If it be conceded that the defendant during the period covered by the contract, at times accepted deliveries on the contract, of ore not the out-put of the mines of the Calhoun Mining Company, without more this would not bind the defendant to continue to receive such ore in performance of the contract. It could as reasonably be contended that, because defendant received and paid for ores of a quality inferior to the contract standard, it thereby obligated itself to continue during the life of the contract to receive and pay for inferior ore.

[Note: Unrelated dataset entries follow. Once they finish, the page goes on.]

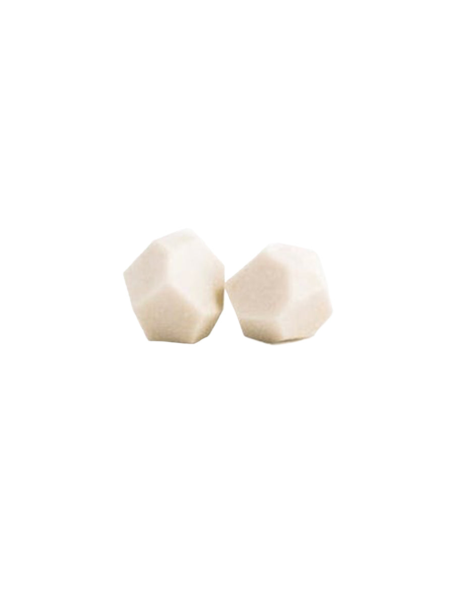 Hand-carved faceted spherical studs made from kiln-fired raw porcelain with hypoallergenic titanium posts.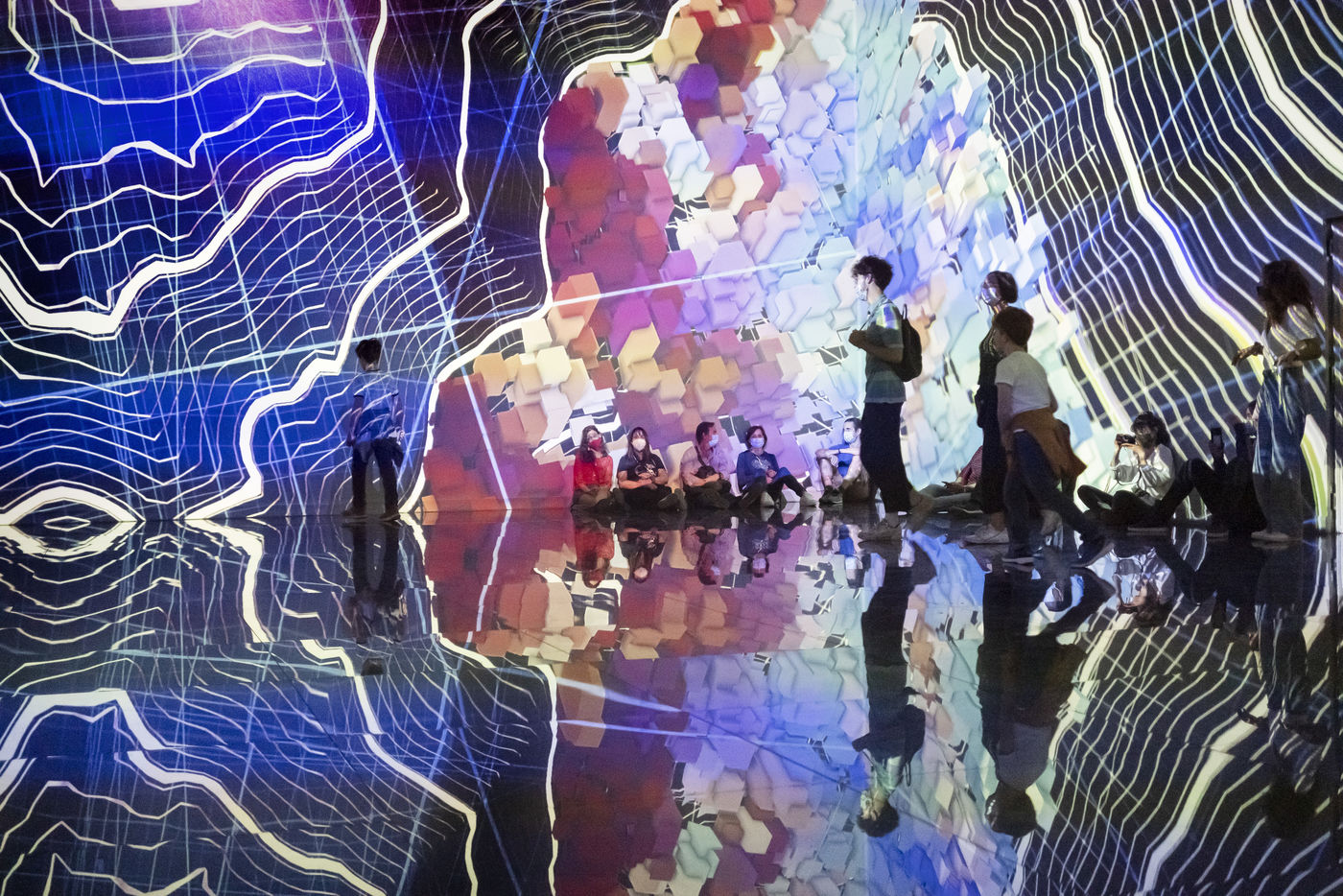 These creations are projected on all the walls of a room called The Cube because of its shape. Visitors who enter the room find themselves immersed in the heart of the creation.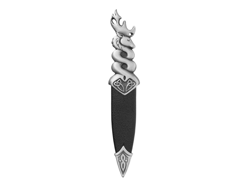 Moderní Sgian Dubh s rukojetí ve tvaru ornamentu s jelenem v matném provedení.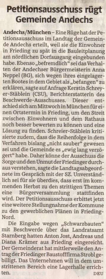 Süddeutsche Zeitung vom 12.07.2012 - Petitionsausschuss rügt Gemeinde Andechs
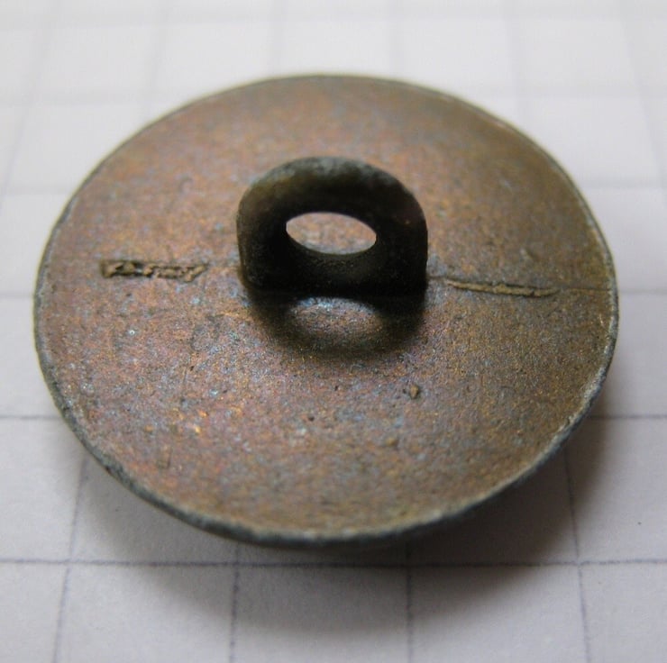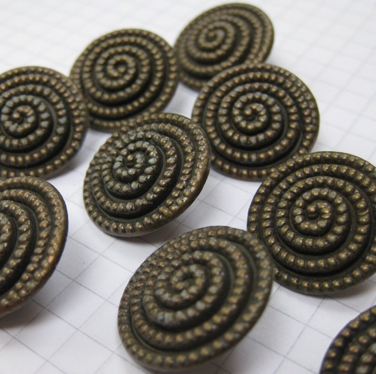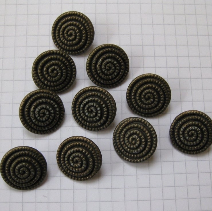 10 Copper coloured metal shank buttons with a spiral of raised dots on the front face.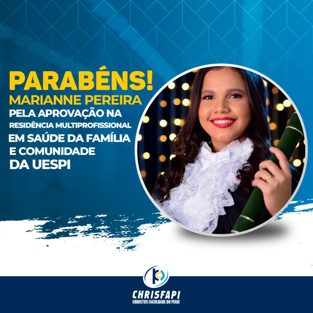 Faculdade Chrisfapi congratula a egressa de Serviço Social Marianne Pereira pela aprovação no Programa de Residência Multiprofissional em Saúde da Família e Comunidade na UESPI. Sabemos que chegar até demandou muito esforço e persistência, mas você se esforço muito e conseguiu.
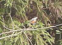 この付近に駐車しますが、左折したところに数台駐車できるスペースがあり、右手(山手)に登山口があります。(写真左) 沢を横切り荒れた山道を30分程度歩くと林道に出、右に3m程行きさらに登ります。15分程度行くと視界が広がり一旦小さな尾根になります。 さらに15分程度進むと水場があり沢を右手にして大きな岩を見て20分程度でもっと大きな岩の下に馬見神社上宮が見えてきます。この大きな岩が「御神所岩」で今回の見所です。 「御神所岩」からさらに丸木段を登り支尾根を過ぎ綾線を行くと九州自然歩道と合流します。「御神所岩」から約15分で馬見山山頂に到着です。見晴らしはあまり良くないのですが、尾根を少し行くと南側の展望が楽しめます。帰路は来た道を戻り、九州自然歩道(尾根)を屏山方向に向かい宇土浦越から下ります。宇土浦越から約40分で林道に出、すぐに舗装した道路に出て駐車したところまで10分ほど到着です。 <コースタイム> 宮小路三叉路の登山口−(30分)−林道−(20分)−水場−(30分)−御神所岩−(15分)−山頂-(40分)−宇土浦越−(40分)−林道−(5分)−車道−(10分)−宮小路三叉路 この付近は登山だけでなく、たくさんの果樹園があり、観光化されていますのでりんご狩やなし狩が楽しめます。また馬見神社にも立ち寄ってみてはと思います。 (本日のお弁当) コンビにで買ったおにぎり、ネギのカップみそ汁、さんまの蒲焼(缶詰) (本日出会った動物) 背中がブルーで腹が黄色、カワセミのようで でも写真をみる限り違う何だろ?(写真下) |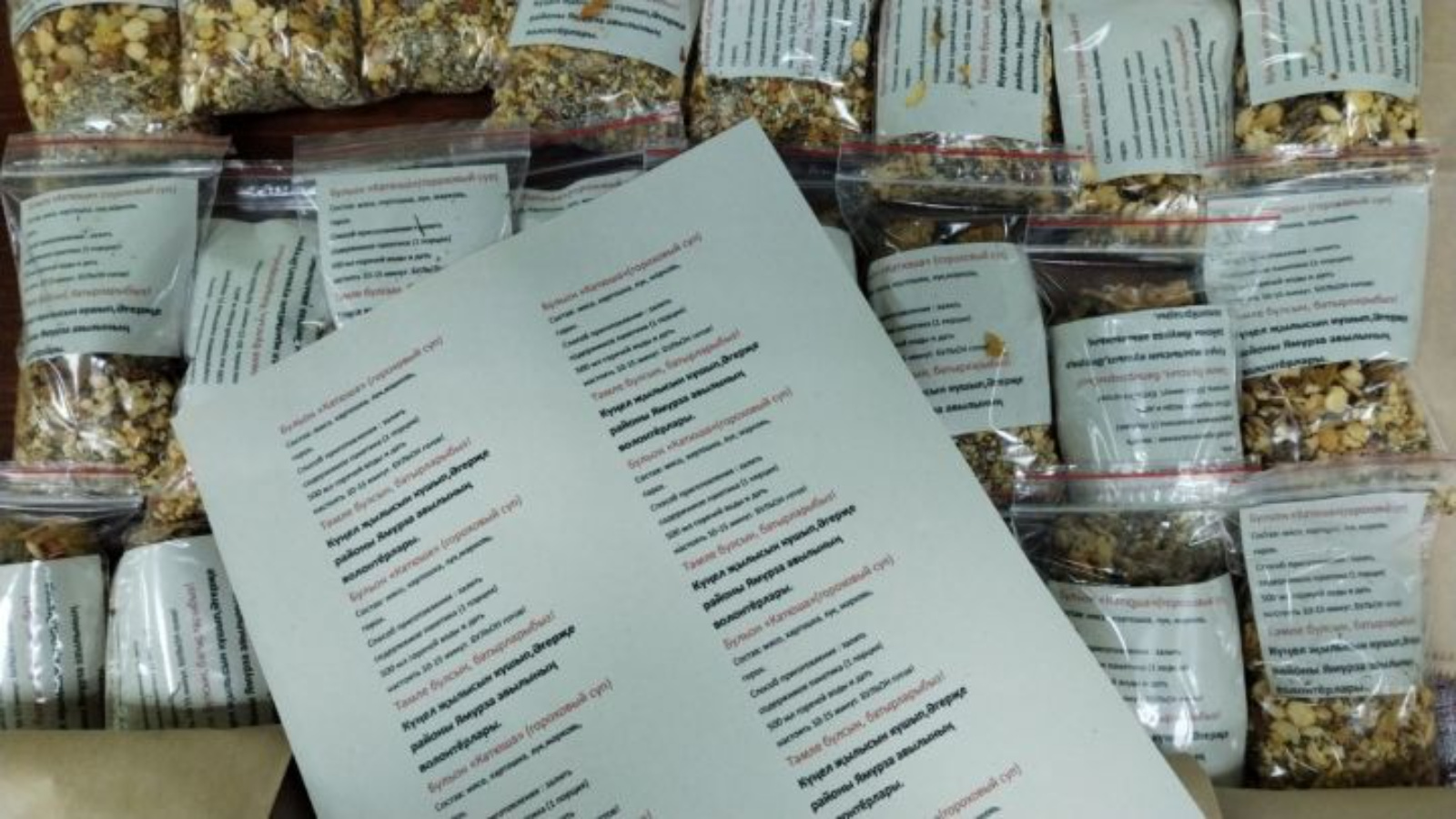 Бу юлы алар коры аш хәзерләргә булдылар. Коры ашларны кәстрүлләрдә пешермиләр, банкаларга таратмыйлар. Авыл халкы ашларны берәм-берәм төреп, пакетлар буенча төрә.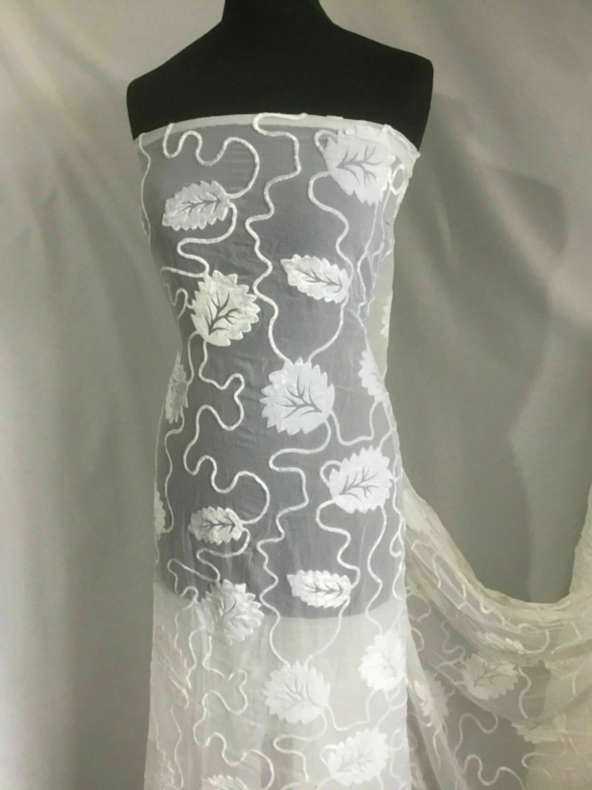 NEW High Class Designer White Ivory Bridal Chiffon Floral Velvet Burnout Fabric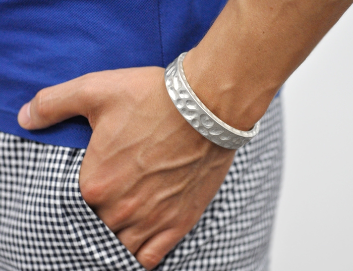 Matte Silver Diamond Camouflage Mens Cuff Bracelet Edus&Co

But in this case, according to the special finding of the court, the defendant did not know until about October 15th that George C. Jones, who was in fact the Calhoun Mining Company, was buying the ore he was delivering under the contract, and on the 19th of October, defendant notified him, that it would not receive any more ores under the contract.
The rulings of the- trial court áre in accord with the views we have expressed. The result of the trial court’s finding of facts, was, that there had been no breach in the contract by the defendant and judgment was rendered accordingly, and in all of which we concur.
The judgment appealed from will be affirmed.